The H3 grid system was developed by Uber and it is open source. This grid partitions the world into hexagons of different sizes which are also nested, as depicted by the image.

../../_images/uber_h3.png

Fig. 3.1 Uber’s H3 hexagons example. Source.#

3.5.3. What level should I use?#

The first question to be asked is at which level available data is aggregated. So, if the data is available at the State level, then no more granular analysis, like at the municipal level, could be performed unless a desaggregation process is followed.

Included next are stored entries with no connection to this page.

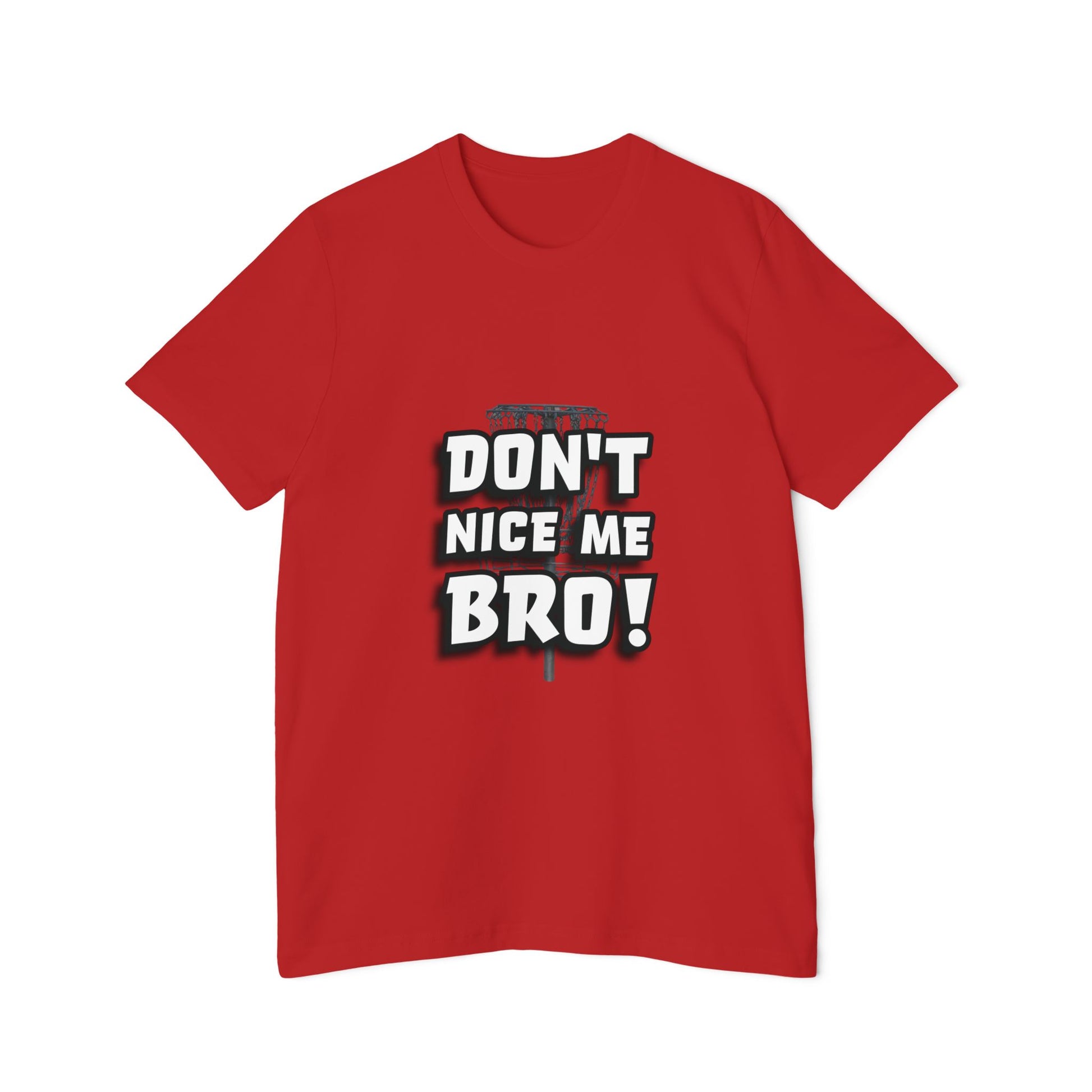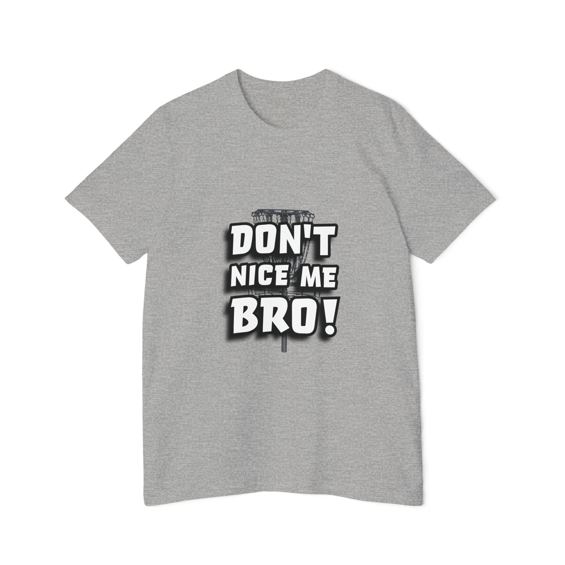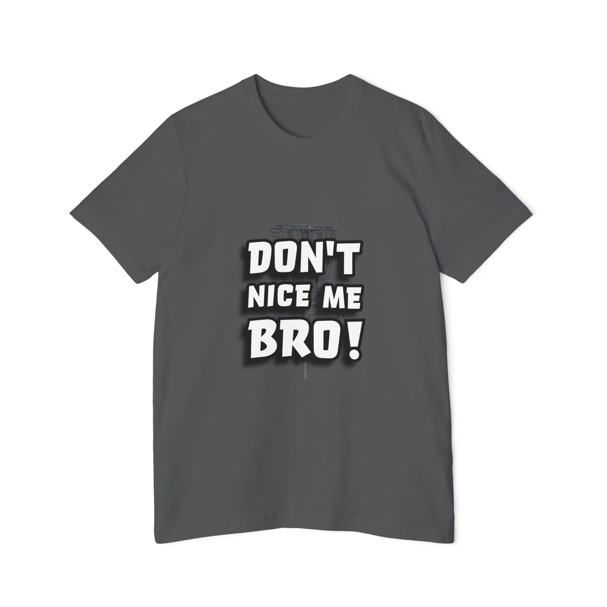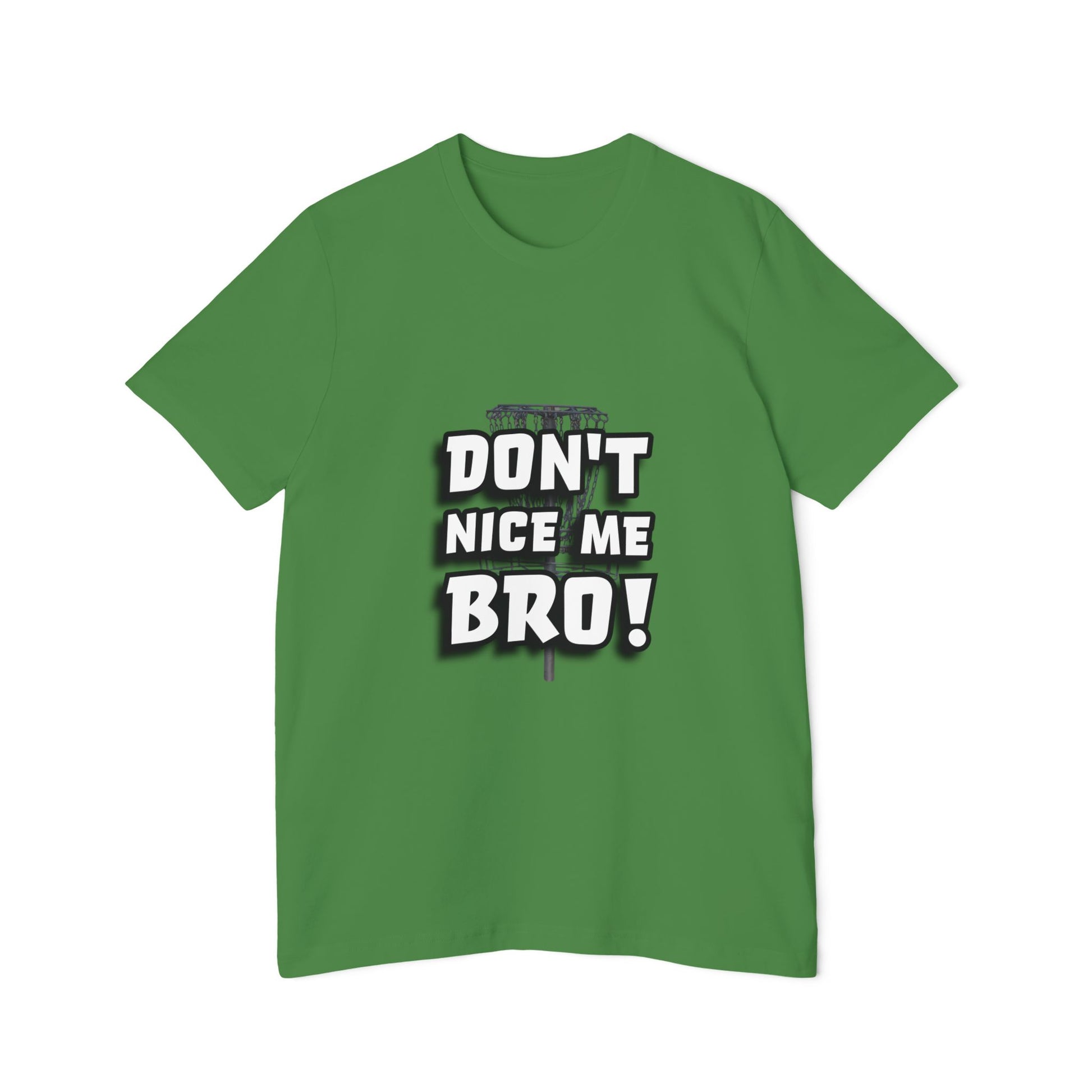 This tee brings disc golf humor front and center with the bold phrase “DON’T NICE ME BRO!” in large, stylized white and black lettering. A faint image of a disc golf basket adds subtle texture behind the words, giving it that on-the-course edge. Perfect for players who know the jinx is real, say “nice shot” too soon, and you might just curse it! A must-have for any disc golfer with a sense of humor.
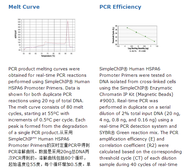 SimpleChIP® Human HSPA6 Promoter Primers contain a mix of forward and reverse PCR primers that are specific to a region of the human heat shock protein 6 promoter bound by HSF1. These primers can be used to amplify DNA that has been isolated using chromatin immunoprecipitation (ChIP). Primers have been optimized for use in SYBR® Green quantitative real-time PCR and have been tested in conjunction with SimpleChIP® Enzymatic Chromatin IP Kits #9002 and #9003 and ChIP-validated antibodies from Cell Signaling Technology®. The HSPA6 gene is rapidly induced by heat shock factors to help in refolding denatured proteins.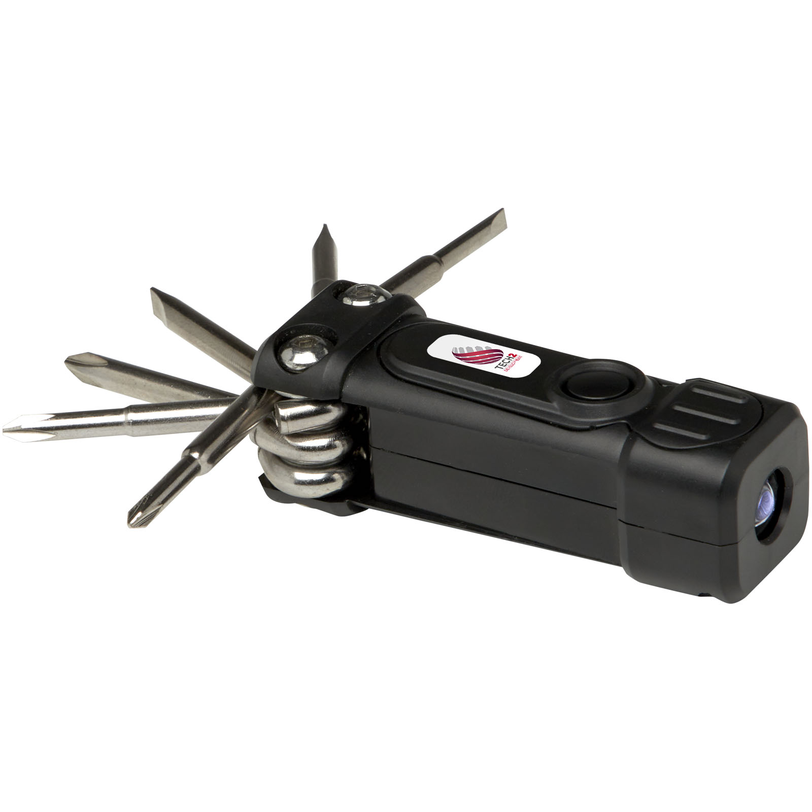 Kompaktowy zestaw wkrętaków 8 w 1 z latarką wykonany w 20% z tworzyw sztucznych pochodzących z recyklingu z certyfikatem RCS. Recycled Claim Standard (RCS) weryfikuje zawartość surowców wtórnych w produkcie w całym łańcuchu dostaw. To praktyczne narzędzie posiada 2 diody LED, 3 głowice krzyżakowe i 3 głowice płaskie. Dostarczane z trzema bateriami LR44 w zestawie. Zapakowany w pudełko upominkowe STAC pochodzące ze zrównoważonych źródeł.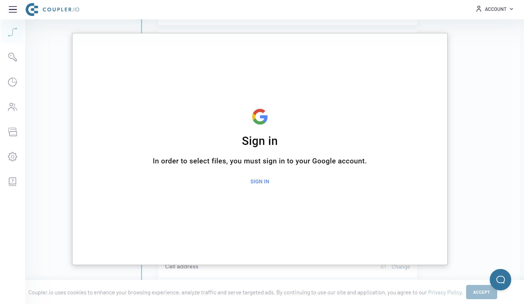 - Sign in with the Google account that you used to install Coupler.io (it is required for this account to be the first one you sign in to).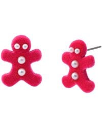 Go to Macy'sFestive coordinating mismatched stud earrings featuring playful gingerbread with charming ensembles. Color: pink

The next question is the purpose of the analysis and who will be using it.

3.6. Disputed Boundaries#

In sensitive cases where boundaries are being disputed and the map owner does not take part in the dispute, it is a good practice to make a statement regarding that. For example, this map from Gaza and West Bank produced by the Map Design Unit at the World Bank.

../../_images/disputed_territory.png

Fig. 3.2 Example of a map showing disputed boundaries. Source.#

3.7. Practice#

Create a map for Türkiye using Administrative level 0 and 2. Download the data from one of the above listed sources.